Digital Labour

Definition
Digital labour refers to forms of labour carried out through digital technologies and platforms that contribute to value creation. This concept encompasses both paid platform work and indirect labour processes such as data production.

Scope
Digital labour includes a wide range of activities such as platform work, freelance digital services, content production, data labelling, and user interactions. In these processes, labour is largely organised through digital infrastructures and directed by algorithms.
Digital labour does not only include directly paid work but may also encompass data production and interaction activities carried out by users on platforms.
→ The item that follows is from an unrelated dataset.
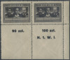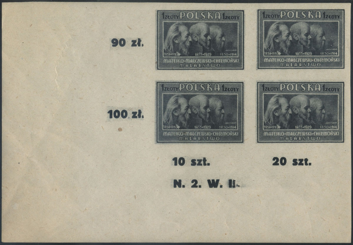 1947 Kultura Polska, narożnikowa parka prób znaczka za 20 zł w kolorze czarnym z charakterystycznym dla tej próby numerem walca N.2.W.I., na odwrocie bez wtórnej odbitki maszynowej, w tej postaci z numerem walca unikalne, gwarancja Schmutz. | Fi.427A P1 Mi.462P |

In this sense, digital labour represents a field in which the boundaries between production and consumption become blurred.

Distinction
Digital labour differs from other forms of labour in the following ways:
Labour processes are carried out through digital infrastructures and platforms.
Production processes are directed and monitored by algorithmic systems.
Forms of labour are often flexible, fragmented, and spatially dispersed.
Value creation occurs not only through direct labour but also through data production and user interactions.
In this sense, digital labour goes beyond the classical understanding of wage labour and refers to a broader and multi-layered field of production.

Evaluation
While digital labour creates new opportunities for work and access, it also generates challenges such as precarity, invisible labour, and data-driven exploitation.
Within the context of platform capitalism, digital labour emerges as a field where mechanisms of control intensify and labour processes are restructured. In contrast, digital commons and alternative platform models open up debates on the possibilities of more democratic and collective forms of production.